As I sit here writing this I realize it’s been nearly two years since I’ve done any writing. Through the tears running down my cheek I realize for the first time in 6 months how alone I feel. For the past 12 years I’ve had my mother living with me. For the past 6 she’s been showing the signs of Alzheimer’s Disease, something I was already familiar with because her mother suffered from this disease before her.
Last November, her condition finally got to the stage I could no longer take care of her in my home and had to make the horrific decision to move her to a full-time Memory Care facility. She’s better off there, I’m better off too, as care-giving has started affecting my own health.
Divorced since 2006, I haven’t really lived alone since my early 20’s, nearly 45 years. It’s slowly coming to my attention that I don’t like it much. Aside from eating alone, watching movies alone, binging Netflix alone and sleeping alone, there’s also no intimate affection to be found. My little dog likes to snuggle, but it’s just not the same!
They say, “time fly’s when you’re having fun”, well that’s not quite true… it fly’s even when you’re not! Where has my life gone? I still think of myself as a young person, maybe not 23 or 38 any longer since my daughter turned 40, but I’m not ready to settle into becoming a senior either. I may not be as spry as I once was, but my heart, mind and soul are and there’s still a size 6 inside my size 18 body too!
Where do women in their 60s find a younger companion and lover? I’ve tried several of the on-line dating sites but found them lacking; many of the men are not sincere, many more are scammers and then there are the ones that are just plain creepy. I know you’re probably thinking right now… What? A woman in her 60s still wants to have sex? YES! But more than that I want a relationship too. Simply stated, my imagination runs towards an older Christian Grey, although at my age maybe not all the “kinky f*ckery”. (If you don’t know who he is… Google it!)
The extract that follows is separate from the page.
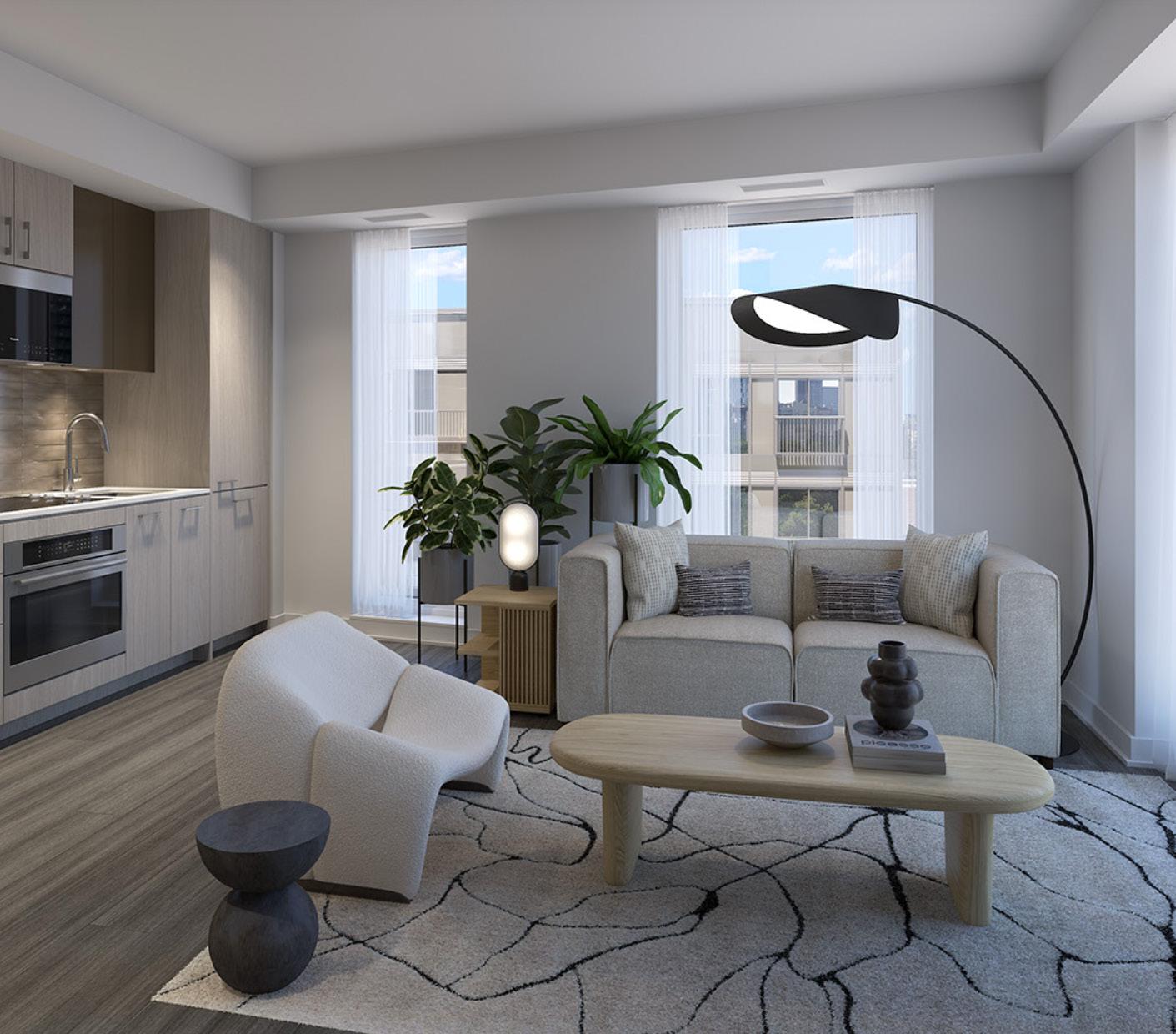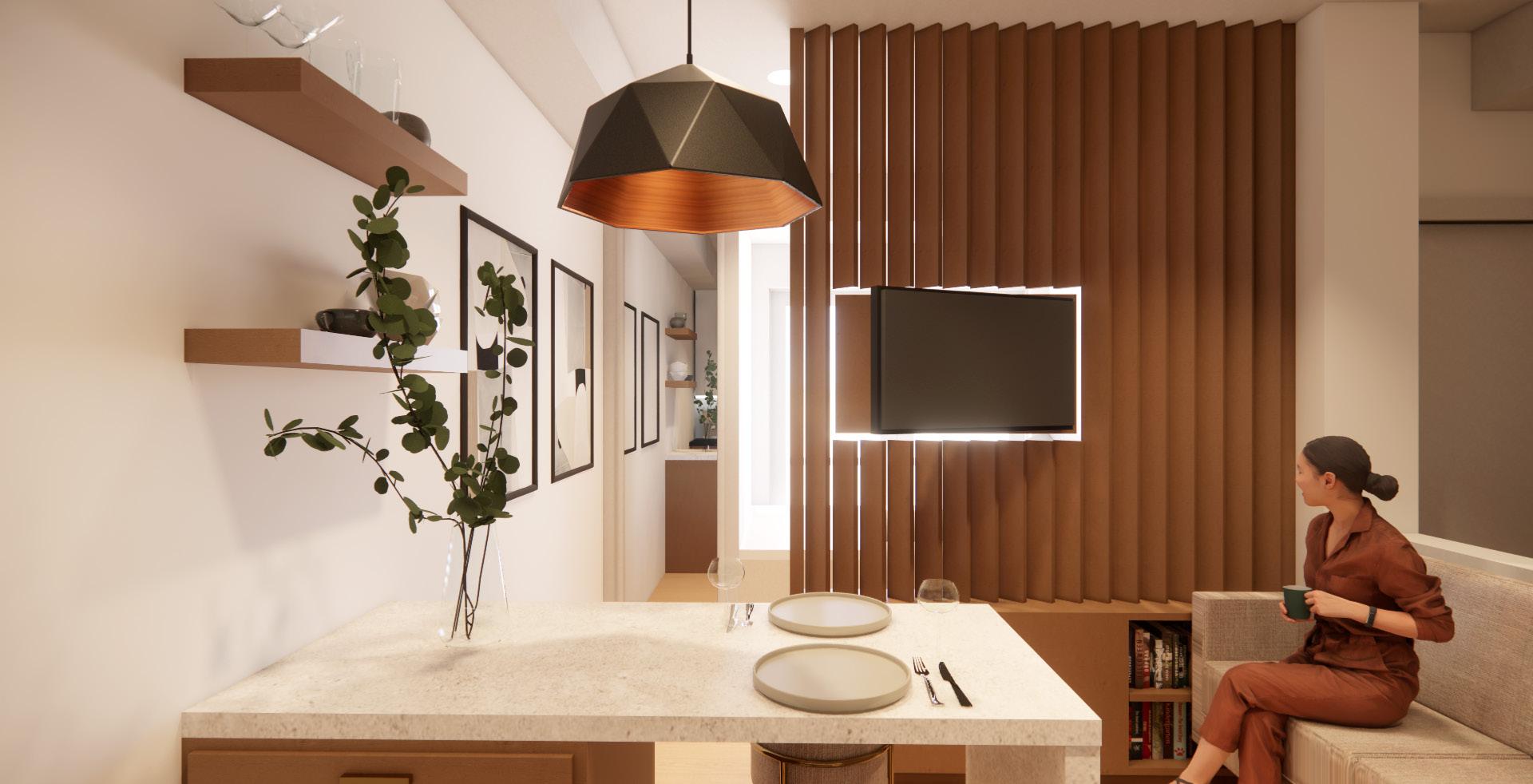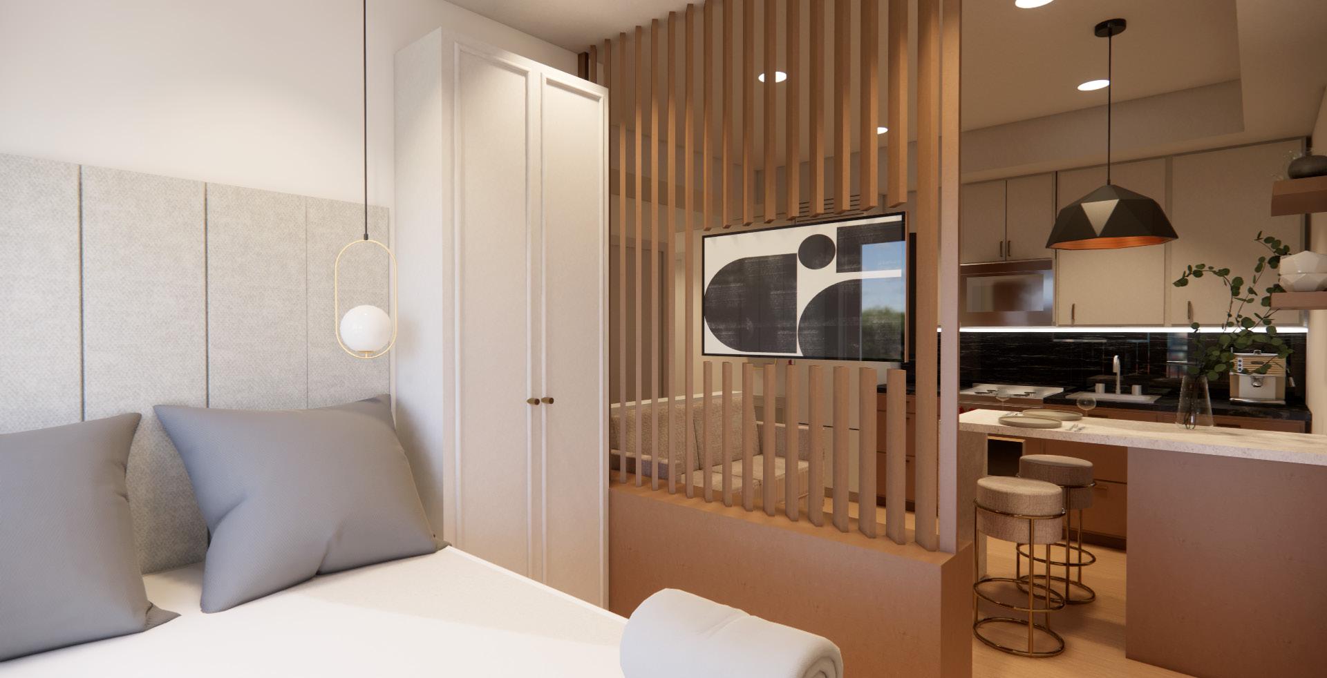 Blending affordability with premium amenities, Daniels on Parliament presents luxury condos in Regent Park. With lifestyles leaning towards compact living, the demand for versatile and hyper-functional spaces is growing. Our studio design maximizes storage, while providing clear separations between the living and sleeping areas and maintains 3 foot clearances throughout. The fixed furniture elements define distinct areas within the studio, offering a sense of permanence and livability without the need for daily setup. We carried the warm and contemporary finishes seen in the shared amenities to create a cohesive design that aligns with the aesthetic of Daniels on Parliament. This studio redefines the concept of home, where innovation and thoughtful space planning overcome traditional notions of size and scale.

In hindsight, all I can say at this point is, stay as active as long as you can! Old age will come soon enough, sooner than you expect and sooner than you desire. Keep your friends and family close, share your deepest thoughts with someone, even it it is through a blog post. Let your hobbies, movies or music take you back in time, sustain your present or transport you to a brighter future.
And don’t grow old alone, if you have a choice.